I am just testing it on stuff I know intimately myself. I would probably not understand a proof of Collatz if it was dansing in front of me!

Lerc · 2026-06-10T00:55:18 1781052918

That's a bit of a tricky point. I have had quite a lot of problems with models informing me what I am attempting is impossible. If no-one has done it, or at least it doesn't know about it being done it tends to fall back on people voicing their baseless speculations, and for just about anything you propose, you can find a person who will loudly proclaim it is impossible.

The curse of the 'use case' comes in here too. When people think that everything should have a use case, that's a lot of training data suggesting to a model that things should only be used for what someone has already thought of.

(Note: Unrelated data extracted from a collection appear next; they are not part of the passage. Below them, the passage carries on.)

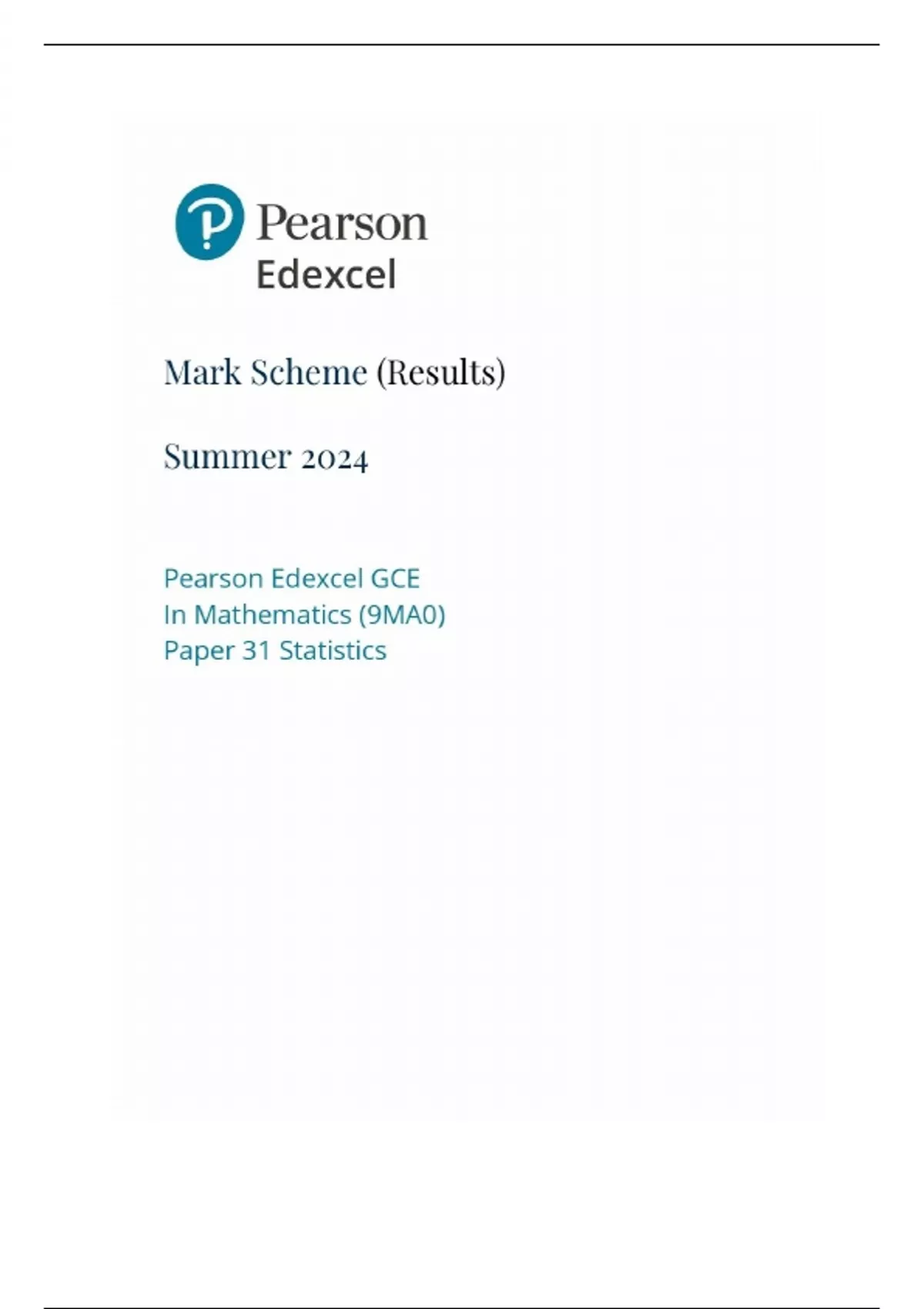 EDEXCEL GCSE 2024 MATHEMATICS (9MAO) PAPER 31 STATISTICS MS RESULTS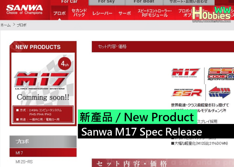 現時非常流行的三禾Sanwa M12S遙控器終於推出後繼型號, 名為Sanwa M17, 最近公布了產品規格, 預算會在2018年5月份的靜岡模型展公開實物, 以下為現時公布Sanwa M17的產品規格!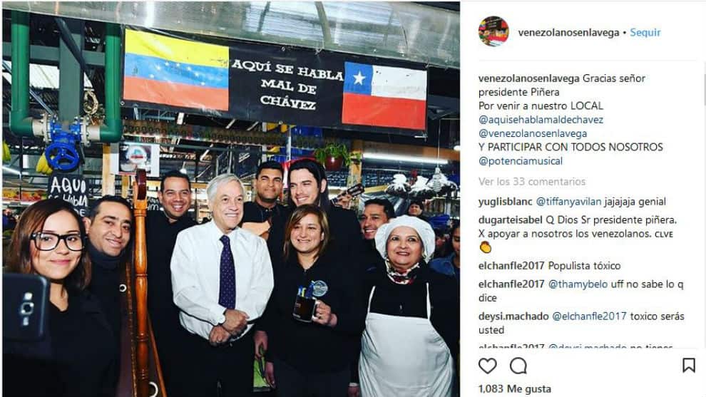 El mandatario chileno visitaba el mercado popular de La Vega donde su recibido en el local de venezolanos "Aquí se habla mal de Chávez"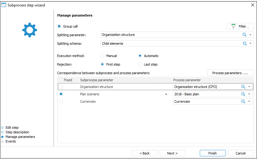 Process Parameter. In the Process Parameter drop-down list select parameter or parameter attribute of the main process.If the Group Call checkbox is selected, select a dictionary corresponding to subprocess parameter in the drop-down list. The dictionaries selected as a process and subprocess must have identical structure. If one dictionary is a division parameter by several process parameters, add it several times in the Process Settings and Parameters dialog box for each parameter.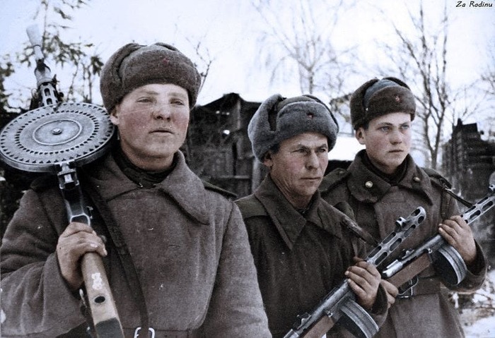 Расчет ДП-27. Можно сравнить лица солдат с предыдущим снимком, чтоб понятно было почему ленинградцев обзывали "обезжиренными".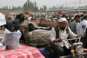 Afgelopen zondag zijn we naar de zondagmarkt geweest en hebben daar de dierenhandel mogen aanschouwen, geiten, schapen, poesjes, honden, koeien, en paarden worden daar verkocht. Het gaat er wat anders dan bij ons, en de beestjes worden ook anders vervoerd. De schapen hebben allemaal een enorme vette kont, met 2 kwabben een links en een rechts. Wij dachten eerst nog dat ze ziek waren, maar het schijnt een apart ras te zijn. Ze zijn allemaal keurig geknipt, nee niet geschoren, maar letterlijk geknipt en staan op een rij te wachten op een nieuwe eigenaar. De koeien en stieren worden in een wagentje geduwd als ze verkocht zijn en weer verplaatst, geen mooie schuine looptredes, nee vastpakken bij de staart en flink duwen! Een bijzondere pinksterdag was het!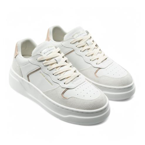 Sneakers platformer for women, high quality white leather upper, 4 cm high ultra light rubber sewn, details on the heel in soft pink leather, suede leather inserts, insole inside in raised latex 2,5 cm covered in leather, white cotton laces.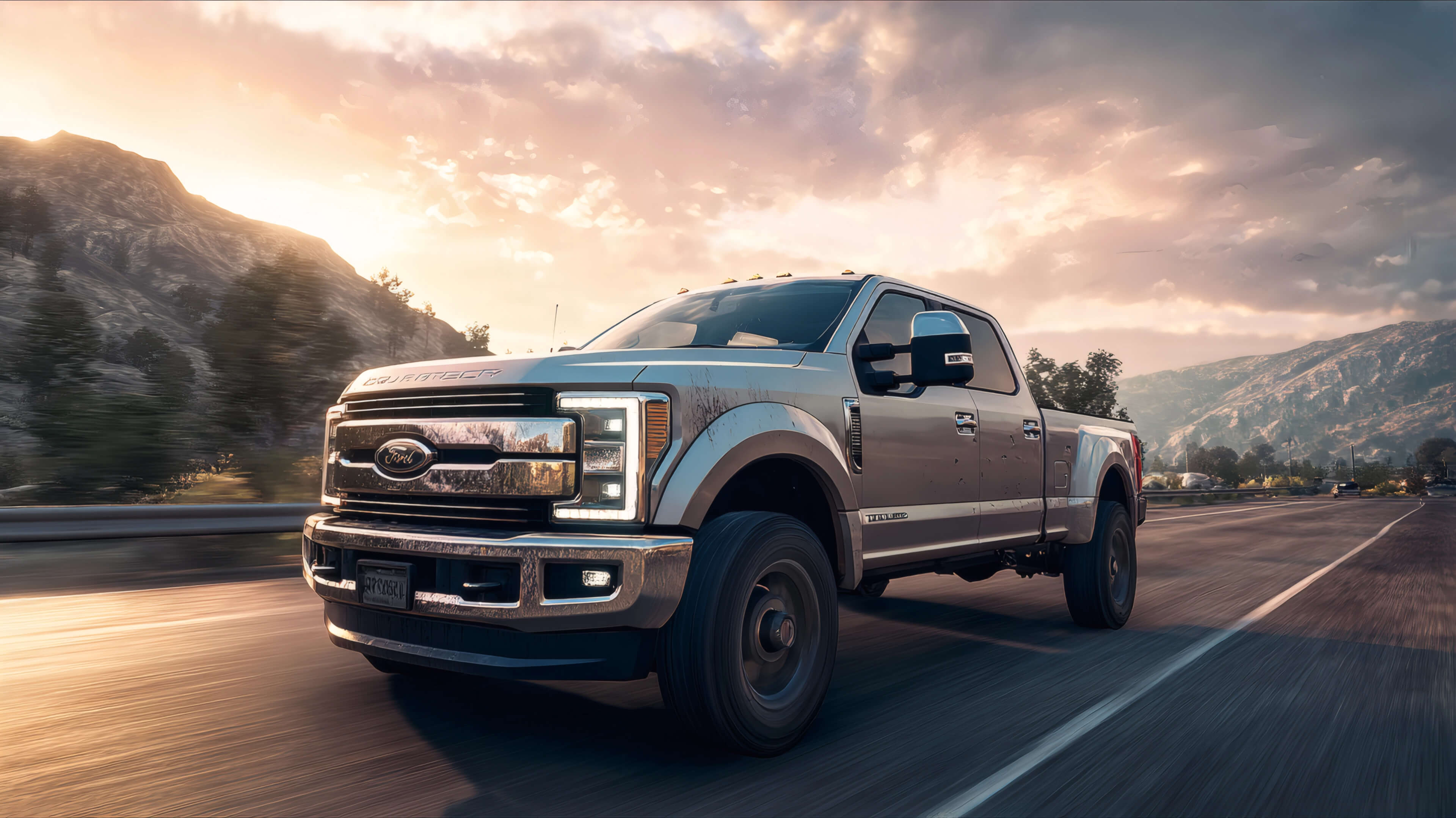 A powerful heavy-duty pickup truck driving along a scenic mountain highway at sunset. The truck’s chrome grille and rugged tires reflect strength and adventure, while the warm evening light enhances the dramatic sky and road motion.

A couple of times I have had to manually code proof of concept pieces so that the model breaks out of that "unpossible" mode and actually helps me.

I can't remember if it was chatGPT or Claude, but when I showed it how to get a MessagePort in its JavaScript executor through to the artifact/canvas, it quickly went from "That can't be done" to positively enthusiastic about the possibilities. I suspect those shenanigans will be well off the table for Fable though.

komali2 · 2026-06-10T02:33:44 1781058824

So, what kind of problems are you having it try to solve?

Sorry to belabor this but it's basically pointless saying you have nuts it can't crack without showing us the nuts.

black_knight · 2026-06-10T06:01:48 1781071308

I don’t care to share my exact problems. Mostly because gpt -5.5 hallucinates false solutions, and I would rather not have people reply with "Oh but ChatGPT solves it!", because it takes expert knowledge to debunk them. To their credit ChatGPT will admit their, very fundamental mistakes when pointed out to them. But also because no-one would really care.

I gave a high level description of the problems in a sibling thread. They are the kind of small problems which I suppose every researcher has lying around, waiting for them to think about some day. But not the big problem everyone is waiting for to be solved.

My comment was not meant to be a tease – sorry! I assumed there would be other people in a similar situation, who might relate.

neonstatic · 2026-06-10T02:56:05 1781060165

Bro, you are being left behind bro, it's amazing bro...

unnouinceput · 2026-06-10T01:45:51 1781055951

Stop dancing and share the prompt, we're dying to see it

black_knight · 2026-06-10T06:24:31 1781072671

Hey, stop asking to see my nuts! My nuts are private – okay?

(Joking aside, see sibling threads.)

moffkalast · 2026-06-10T09:18:53 1781083133

Ayy lmao

mastermage · 2026-06-10T06:27:37 1781072857

is this a joke? Seriously? These are some of hardest problems in Math period. 100 if not thousands of the greates minds in history have attempted to solve these problems. And you think that the current level of AI can blow through them? It is also a possibility that for example the Riemann Hypothesis is just not provable. (Goedels Theorem).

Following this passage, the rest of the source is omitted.